Let me reiterate my point once more though, because I feel it is being lost. My argument is not for a particular style of handling locals (I made up this LatentList thing on my phone), but it is against globals as a default option that is the "documented way to do it". If there are corner case models that really require string matching based alignment, then have a LatentDict object that is owned by that part of the model and can use whatever strings it wants. This gives the ability to "support all possible model/guide structures/alignments", sicne you can then do something similar in the Guide. This has all the functionality you want but does not requiring, what to me, feels like late 90's PHP query string construction.
I think we all agree it would help to have more concrete examples 😃 To help explore syntax, I hacked together a pyro.anon module on an anonymous-sites
branch (never intended to be merged). This has a single example examples/anonymous.py that actually runs in Pyro. @srush does this look any closer to your ideal syntax? If so, would you be able to provide a more complex example? If not and I've missed your point, perhaps we should all meet over video conference to help clarify.

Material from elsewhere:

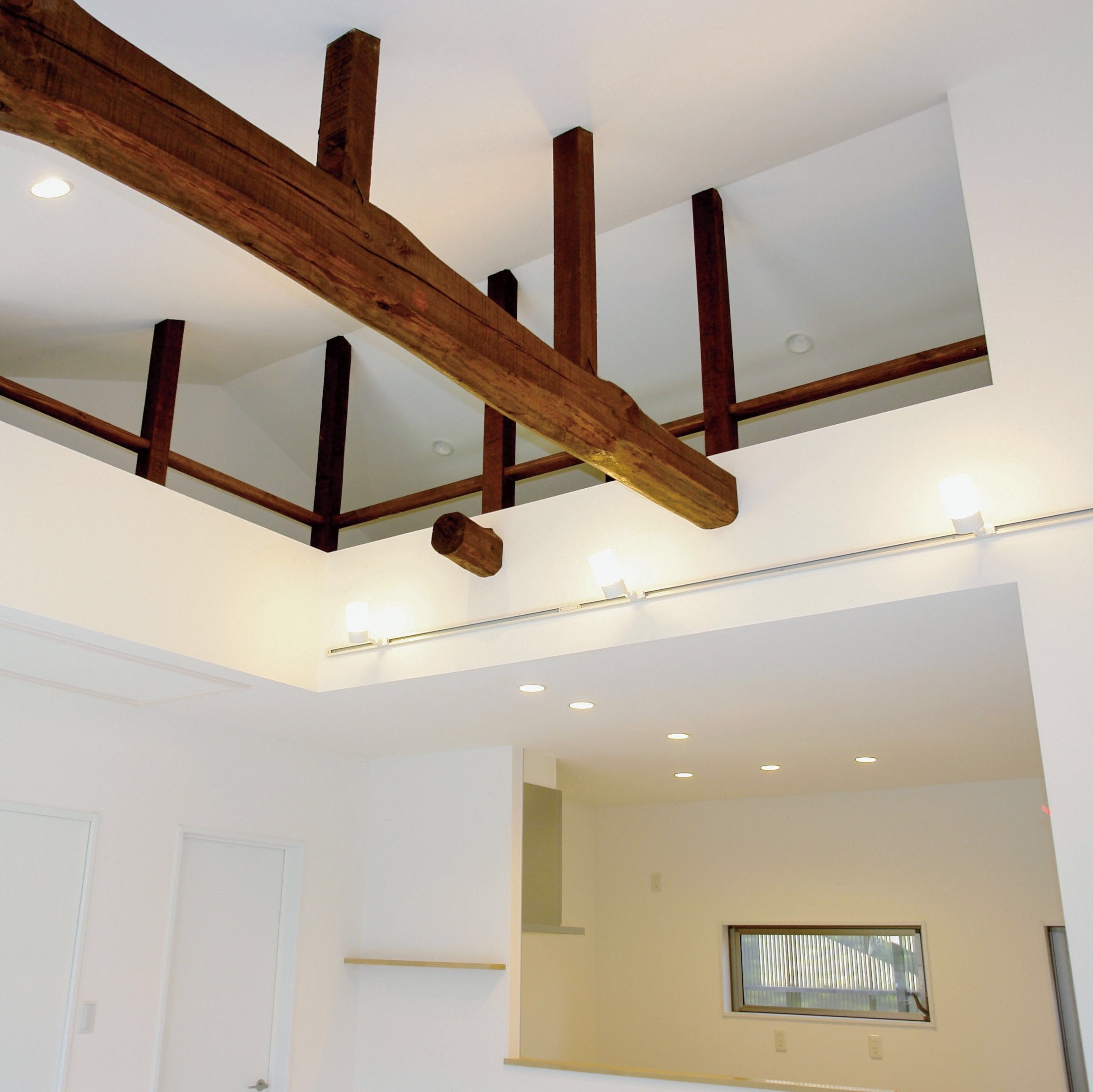 ▼立派な梁を見せ、ロフトを増設したリビング

Yeah! This is perfect, exactly what I imagined. Maybe can be bit less verbose, but it checks all my boxes. Also it is heighrarchical, so you can easily nest groupings of latent variables without string building. (It's kind of a statemonad in Python).

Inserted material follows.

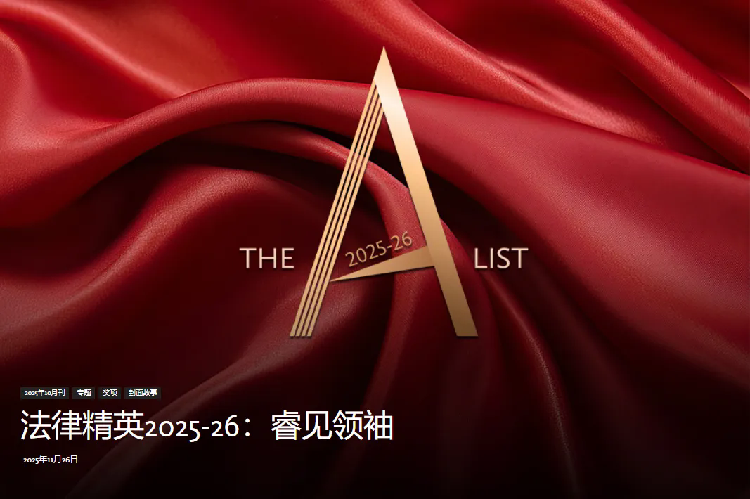 2025年11月26日,《商法》(China Business Law Journal)公布2025年度榜单,中豪管委会副主席杨青律师成功荣登“A-List法律精英:中国业务睿见领袖”(Visionary Leaders)榜单,这是继2018年首次入选《商法》“A-List法律精英”榜单之后,再次荣膺殊荣。

My one quibble is that it still matches the guide variables by name match, but otherwise way better.
@fritzo that's pretty neat. It might make sense to implement a LatentObject
layer on top of nn.Module
, so that those sorts of models can inherit Module
parameter handling directly.
@srush we'll definitely consider including something like that as we iterate on naming and scoping, though I see it existing alongside with rather than replacing the current syntax, much like torch.nn
exists alongside the raw autograd
API.
So just imagining a bit how you could make this even more friendly.
1) Maybe this is too much, but you could have a @pyro decorator that wraps this class thing, and returns the object with all the contained variables. That way it makes it easy to build up models as little blocks. 2) Since these functions are lazy. I am imagining that the explicit alignment in SVI could be done by passing in a lambda. 3) Since models are stacked. You can pretty print all the variables based on how they are grouped in the code.
@pyro
def TimeSeries(model, obvs):
model.sigma = anon.param(Variable(torch.ones(1), requires_grad=True))
model.steps = []
for obv in obvs:
prev = models.step[-1] if model.steps else Variable(torch.zeros(1))

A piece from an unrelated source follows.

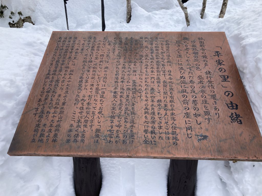 ミニかまくら祭が行われる平家の里は平家落人の方の一部が安住の家地として選んだエリアです。

model.steps.append(TimeStep()(obv, models.steps[-1], model.sigma))
@pyro
def TimeStep(model, x, prev, sigma):
model.y = anon.sample(dist.normal, prev, sigma))
model.x = anon.observe(dist.normal, x, prev.y, sigma))
@pyro
def Guide(model, obvs):
model.mus = [anon.param(Variable(torch.zeros(1), requires_grad=True)) for _ in range(len(xs))]
model.sigmas = [anon.param(Variable(torch.ones(1), requires_grad=True)) for _ in range(len(xs))]
model.ys = [anon.sample(dist.normal, model.mus[i], model.sigmas[i]) for i in range(len(xs))]
def main(args):
model = Model()
guide = Guide()
optim = Adam({"lr": 0.01})
inference = SVI(model, guide, optim, loss="ELBO",
align=lambda m, g: return [([s.y for s in m.steps], g.ys) ])
data = Variable(torch.Tensor([0, 1, 1, 0, 1, 2]))
for step in range(args.num_epochs):
if step % 100 == 0:
loss = inference.step(data)
print('{}\t{:0.5g}'.format(step, loss))
print('Parameters:')
# Will automatically collect all the sub variables and
for name in model.get_all_variable_names():
print(name)
haha @eb8680 I think you have to make a choice :) torch.nn is not a great analogy, as it is entirely built on top of torch.autograd. Building a nice well scoped library using anonymous names in a global store with scary functions like clear_param_store()
will be dangerous.
Since these functions are lazy. I am imagining that the explicit alignment in SVI could be done by passing in a lambda.
I agree. To reiterate my last comment:
More generally, the alignment could be an arbitrary callable passed into SVI that creates the dictionary/list thing. (Although clunky, I actually think this lattermost design makes sense for puritanical reasons in that the alignment is a feature during inference and not a feature during model/guide specification.)
Oh yes @dustinvtran I agree. I was mostly responding to a change to @fritzo 's sample code. My main mission here is to kill the global variable store. I see these string alignment sub-issues as symptoms of the global variable store.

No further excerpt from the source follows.